The Acadiana Coalition of Teens Against Tobacco was launched in 2000 with the goal of convincing a class of high school students in six south Louisiana parishes that smoking is uncool--and of measuring the success of those efforts through comparison with schools where no intervention took place.

inside0801_smokingThe idea was to send health educators to the schools to work with a cohort as they moved through 10th, 11th and 12th grades. For the past three years, they've been travelling to 10 high schools in Vermillion, Lafayette, St. Landry, St. Martin, Lafourche and Iberia parishes.

The study is funded with a $1.5 million grant from the Louisiana Tobacco Settlement, awarded by the Louisiana State Board of Regents.

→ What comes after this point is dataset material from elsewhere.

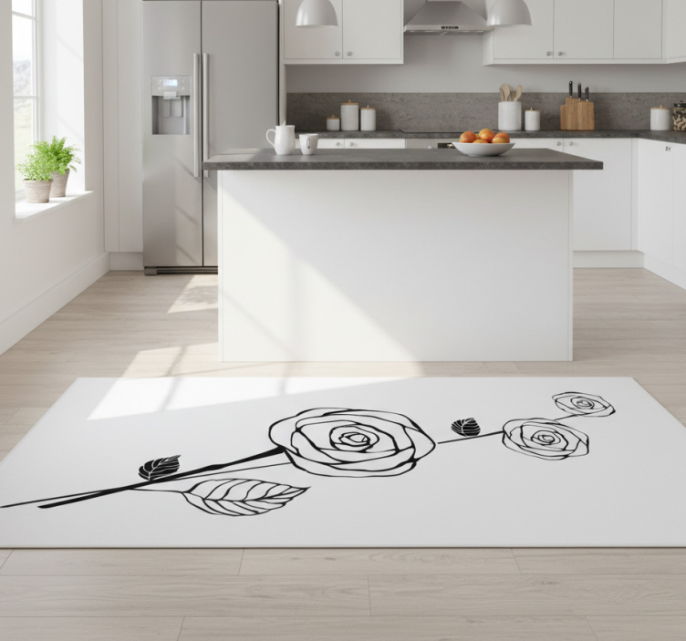 The Kitchen vinyl rug black and white roses design kitchen vinyl rug is perfect for those seeking to elevate their home decor. This unique piece not only enhances the aesthetic appeal of your kitchen but also creates a warm and inviting atmosphere. Imagine hosting friends and family while showcasing this captivating design that brings life to any room!

As researchers gear up for the last year of intervention, there have been successes, surprises and even forays into politics. This spring they forwarded more than 2,000 letters from students and eight petitions to state legislators in support of the repeal of Louisiana's tobacco preemption laws. Currently, local governments in Louisiana are prohibited from passing tobacco laws that are more restrictive than state regulations.

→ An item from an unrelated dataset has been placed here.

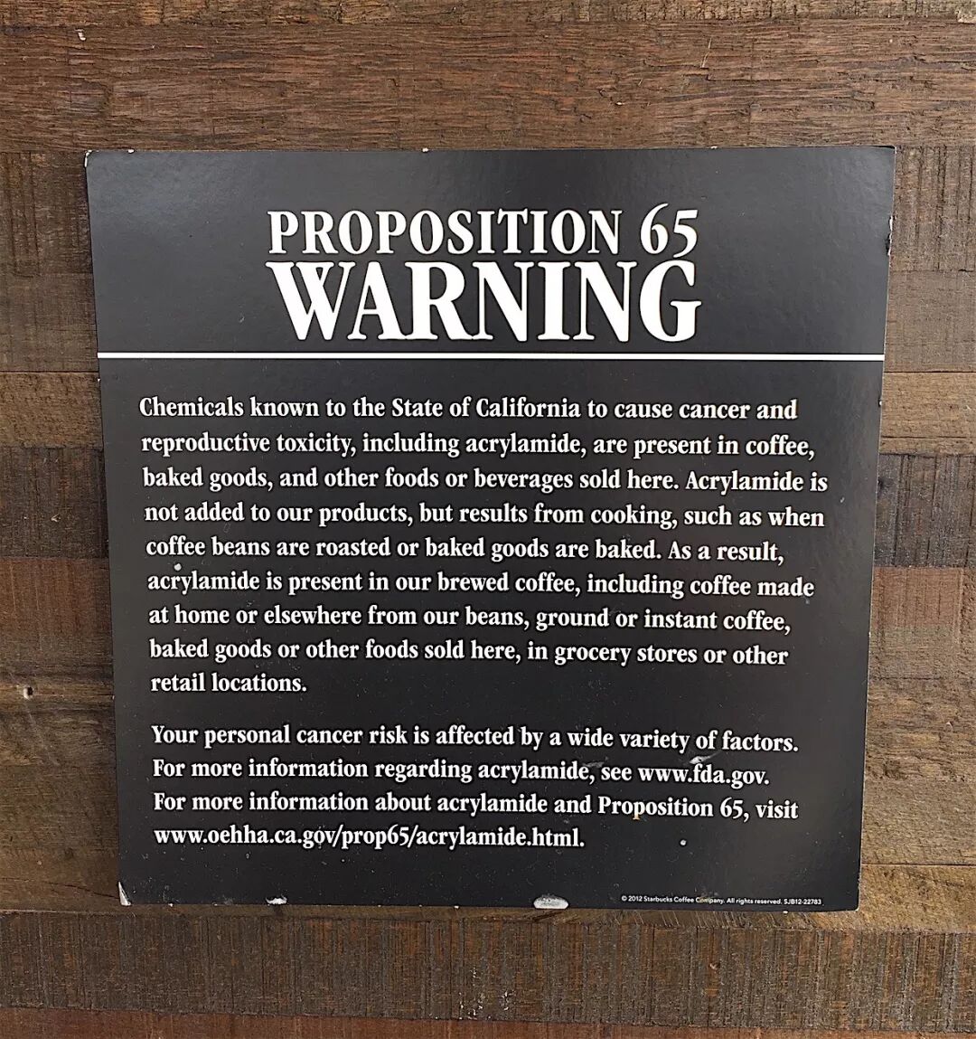 2010年,有毒物质教育研究理事会状告星巴克和其他咖啡商家,称他们违反了加州法律,对已知致癌物不能“提供清楚合理的警告”。

There's been a wave of new no-smoking ordinances across the country, such as New York City's new ban on smoking in bars and restaurants. But while there's strong support for similar bans in some towns in Louisiana, state preemption means such a ban couldn't be implemented even if everyone in town voted for it. When talking to students, educators found that teenagers really cared about the issue.

"Even teenagers who smoke tell us they don't want children to be exposed to secondhand smoke," said Dixye Brewer, a health educator for the project. So they decided to help kids get their voices heard by organizing the letter-writing campaign. Since the student's aren't quite old enough to vote, they circulated petitions among the adults in their communities.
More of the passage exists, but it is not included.